Note: All further computations have been performed on the modified dataset i.e. the one with the missing values filled in.
###Are there differences in activity patterns between weekdays and weekends?
Creating a new factor variable in the dataset with two levels -- "weekday" and "weekend" indicating whether a given date is a weekday or weekend day.
activity2$day <- weekdays(activity2$date)
week <- unique(activity2$day)
#Separating the weekends from weekdays
week <- week[c(-6,-7)]
#Assigning weekday/weekend label
activity2$day_type[activity2$day == "Saturday" | activity2$day == "Sunday"] <- "weekend"
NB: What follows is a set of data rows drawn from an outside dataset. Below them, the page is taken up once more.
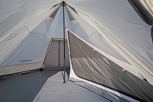 ティピー型よりも横幅のサイズが広いため、ゆったりと過ごせるでしょう。ポリエステル素材でできており、耐水性にも優れているため雨が降った時も安心です。室内インナーテントがついており、テント内にプライベート空間を作ることもできます。
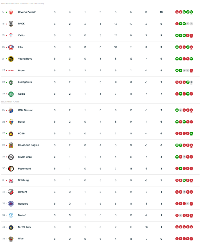 Ολοκληρώθηκε η 6η αγωνιστική του UEFA Europa League και έτσι γίναμε λίγο ακόμη σοφότεροι σχετικά με την Βαθμολογία…
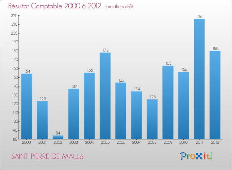 Le résultat comptable de la commune de Saint-Pierre-de-Maillé s'établissait ainsi à : + 180 000 € fin 2012.
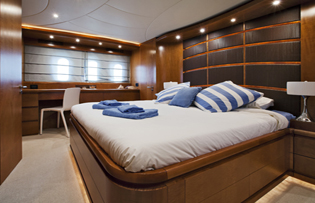 The master cabin is full beam of the yacht offering a king size bed and en-suite facilities. A VIP cabin is forward and full beam of the yacht with a double bed and en-suite facilities. Two twin cabins offer single beds and one Pullman.
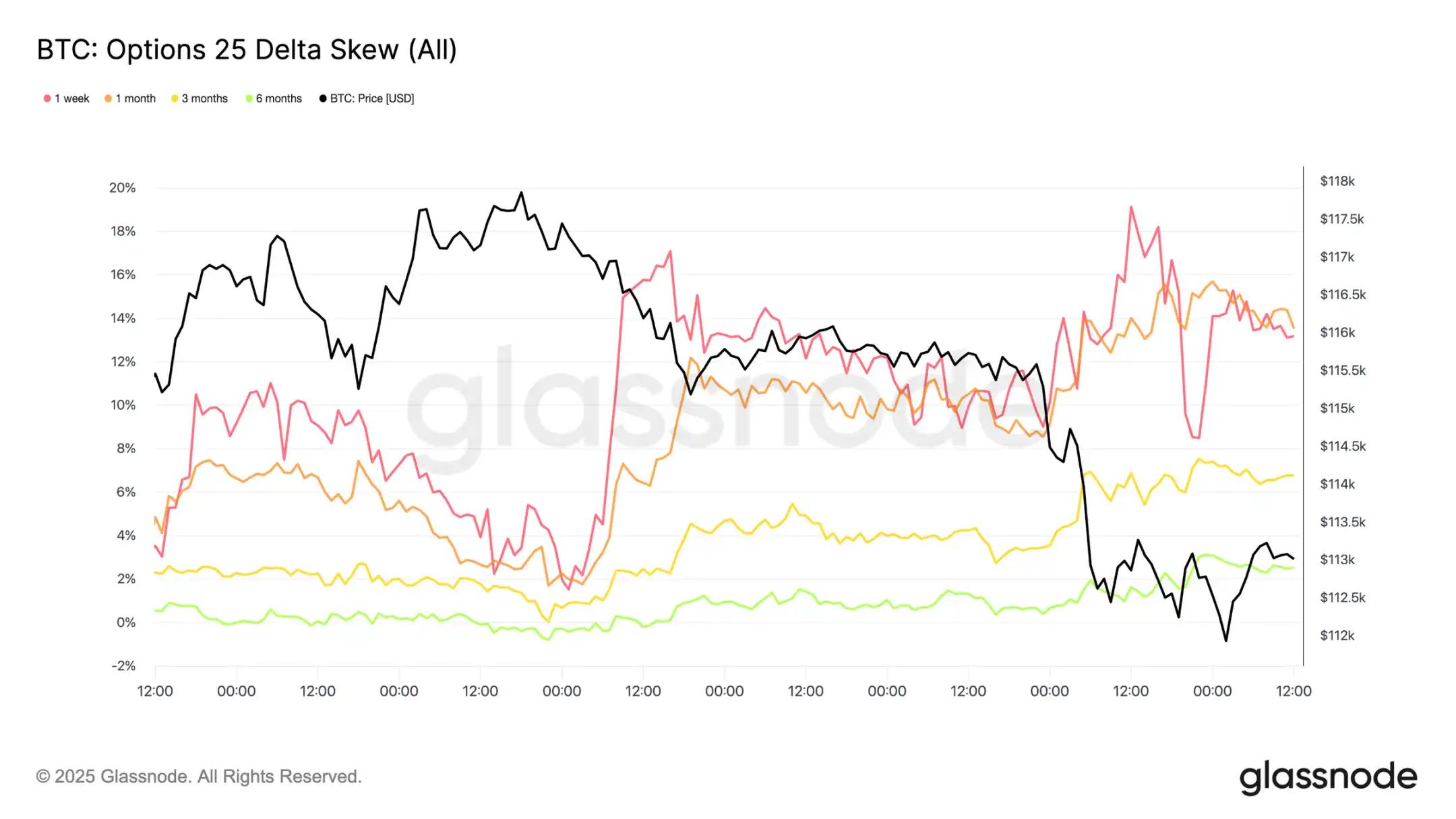 抛售之后,看跌 / 看涨期权成交量比率呈下降趋势,因为交易员锁定了价内看跌期权的利润,而其他交易员则轮动到更便宜的看涨期权。短期和中期期权仍然严重倾向于看跌期权,使得下行保护相对于上行而言成本高昂。对于对年底持建设性观点的参与者来说,这种不平衡创造了机会——要么以相对较低的成本积累看涨期权,要么通过卖出价格高昂的下行风险暴露来为其融资。
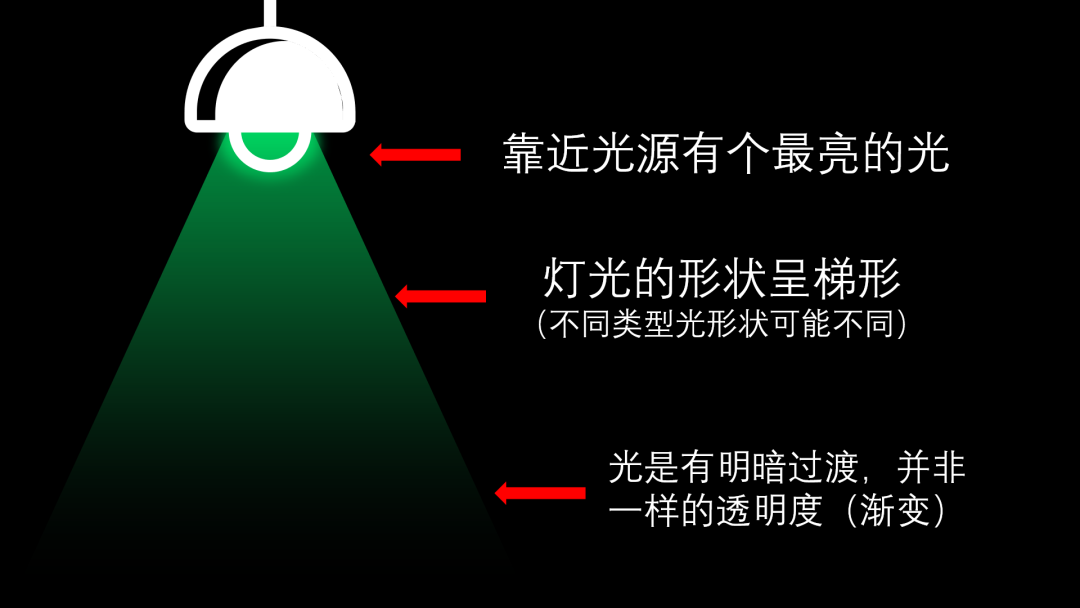 所以光是类似梯形这种由小到大的形状的,这也是为什么,在第一个透射光中,我说要新建的一个梯形,而不是矩形,其次,光是有明暗过渡的,那肯定就是得用渐变填充才行啊~不然的话就非常违背常理了。

activity2$day_type[is.na(activity2$day_type)] <- "weekday"
activity2 <- activity2[,-4]
head(activity2,10)## steps date interval day_type
## 1 1.7169811 2012-10-01 0 weekday
## 2 0.3396226 2012-10-01 5 weekday
## 3 0.1320755 2012-10-01 10 weekday
## 4 0.1509434 2012-10-01 15 weekday
## 5 0.0754717 2012-10-01 20 weekday
## 6 2.0943396 2012-10-01 25 weekday
## 7 0.5283019 2012-10-01 30 weekday
## 8 0.8679245 2012-10-01 35 weekday
## 9 0.0000000 2012-10-01 40 weekday
## 10 1.4716981 2012-10-01 45 weekday
Highlighting the activity differences on weekends and weekdays by a timeseries plot:
activity2$day_type <- as.factor(activity2$day_type)
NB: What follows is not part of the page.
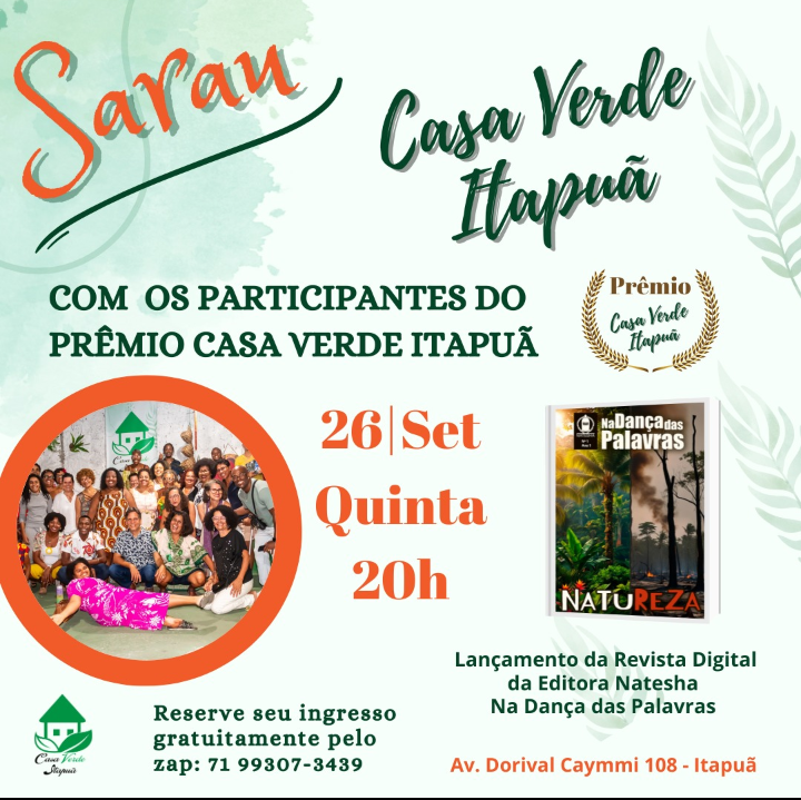 Na próxima quinta-feira, 26 de setembro, acontece o SARAU CASA VERDE ITAPUÃ com os compositores e intérpretes que participaram do Prêmio Casa Verde Itapuã. Será...
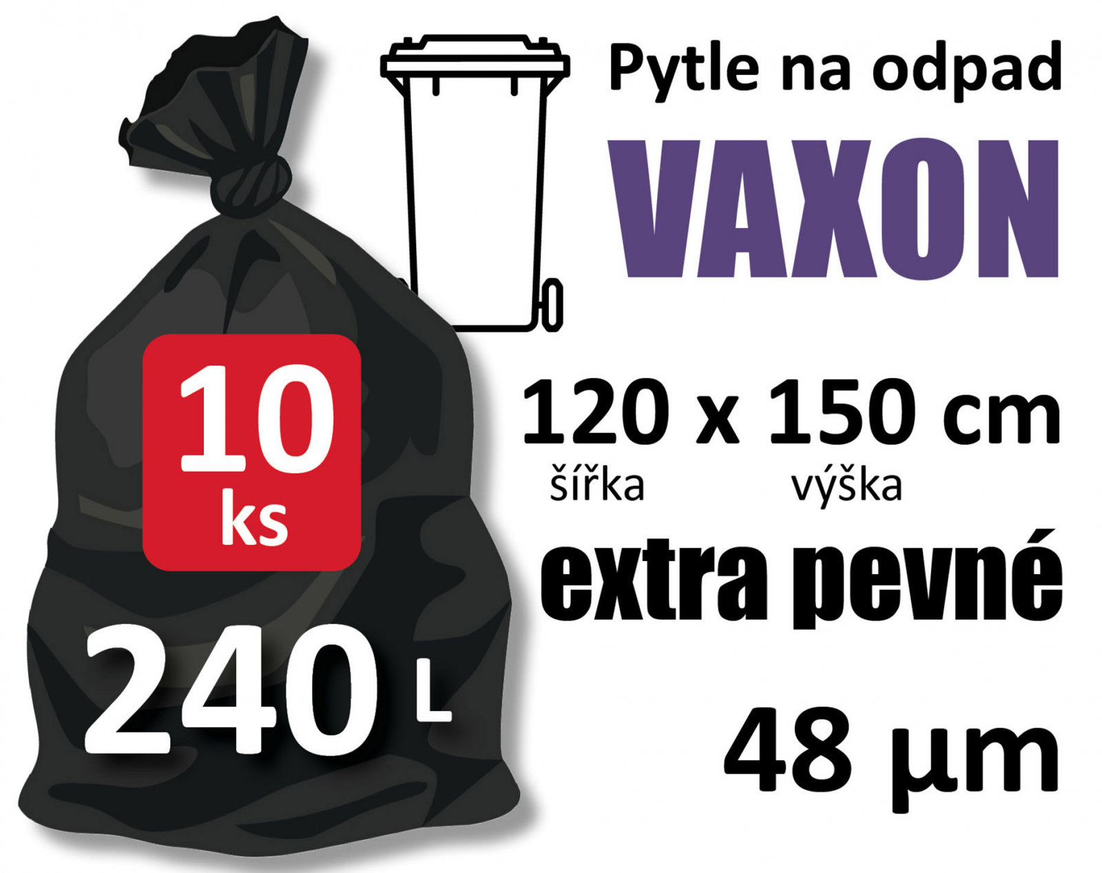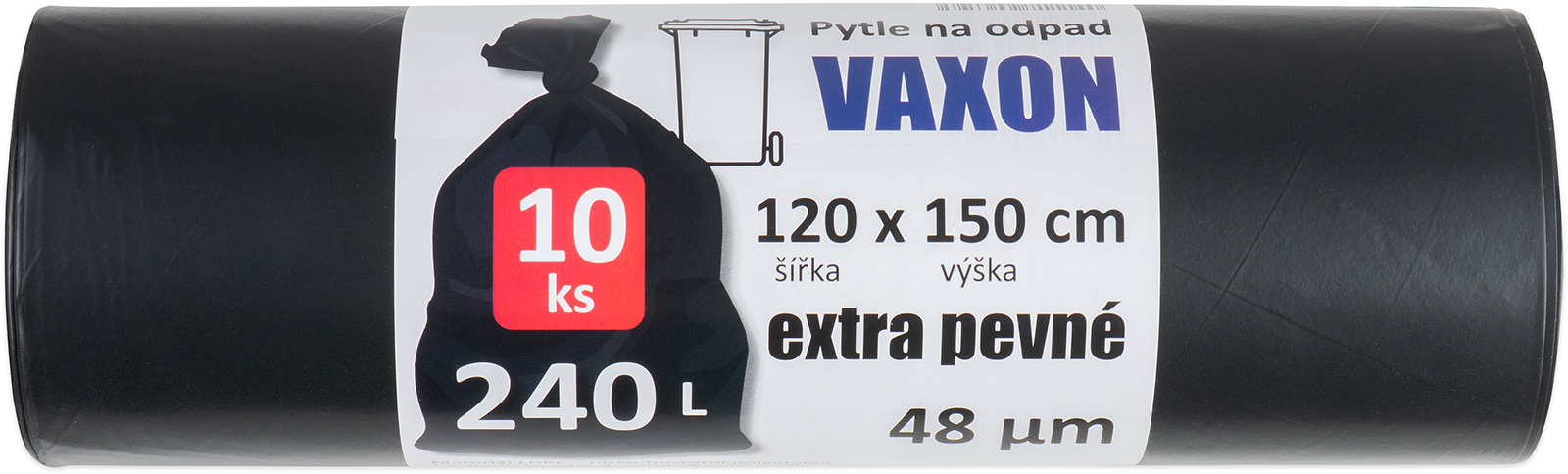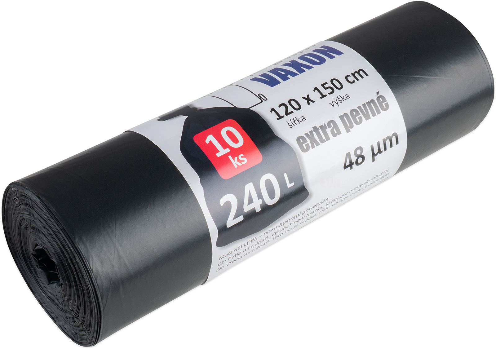 10 ks vysoce odolných černých pytlů na odpad, síla 48 µm, rozměry: šířka 120 cm, výška 150 cm, objem 240 litrů.

#Taking averages of total steps in a particular 5 min interval for weekdays and weekends separately
steps_interval2 <- with(activity2,tapply(steps,list(interval,day_type),mean,simplify = T))
steps_interval2 <- as.data.frame(steps_interval2)
steps_interval2$interval <- unique(activity2$interval)
head(steps_interval2,10)## weekday weekend interval
## 0 2.25115304 0.214622642 0
## 5 0.44528302 0.042452830 5
## 10 0.17316562 0.016509434 10
## 15 0.19790356 0.018867925 15
## 20 0.09895178 0.009433962 20
## 25 1.59035639 3.511792453 25
## 30 0.69266247 0.066037736 30
## 35 1.13794549 0.108490566 35
## 40 0.00000000 0.000000000 40
## 45 1.79622642 0.558962264 45
#Converting this wide dataset to long dataset using the 'Tidyr' package
library(tidyr)
steps_interval2 <- steps_interval2%>% gather(day_type,steps,-interval)
head(steps_interval2,10)## interval day_type steps
## 1 0 weekday 2.25115304
## 2 5 weekday 0.44528302
## 3 10 weekday 0.17316562
## 4 15 weekday 0.19790356
## 5 20 weekday 0.09895178
## 6 25 weekday 1.59035639
## 7 30 weekday 0.69266247
## 8 35 weekday 1.13794549
## 9 40 weekday 0.00000000
## 10 45 weekday 1.79622642
#Plotting using ggplot2
ggplot(steps_interval2, aes(interval, steps)) + geom_line(ch = 4) + ylab("Average steps averaged across all weekdays/weekends") + xlab("Interval") + facet_grid(day_type~.)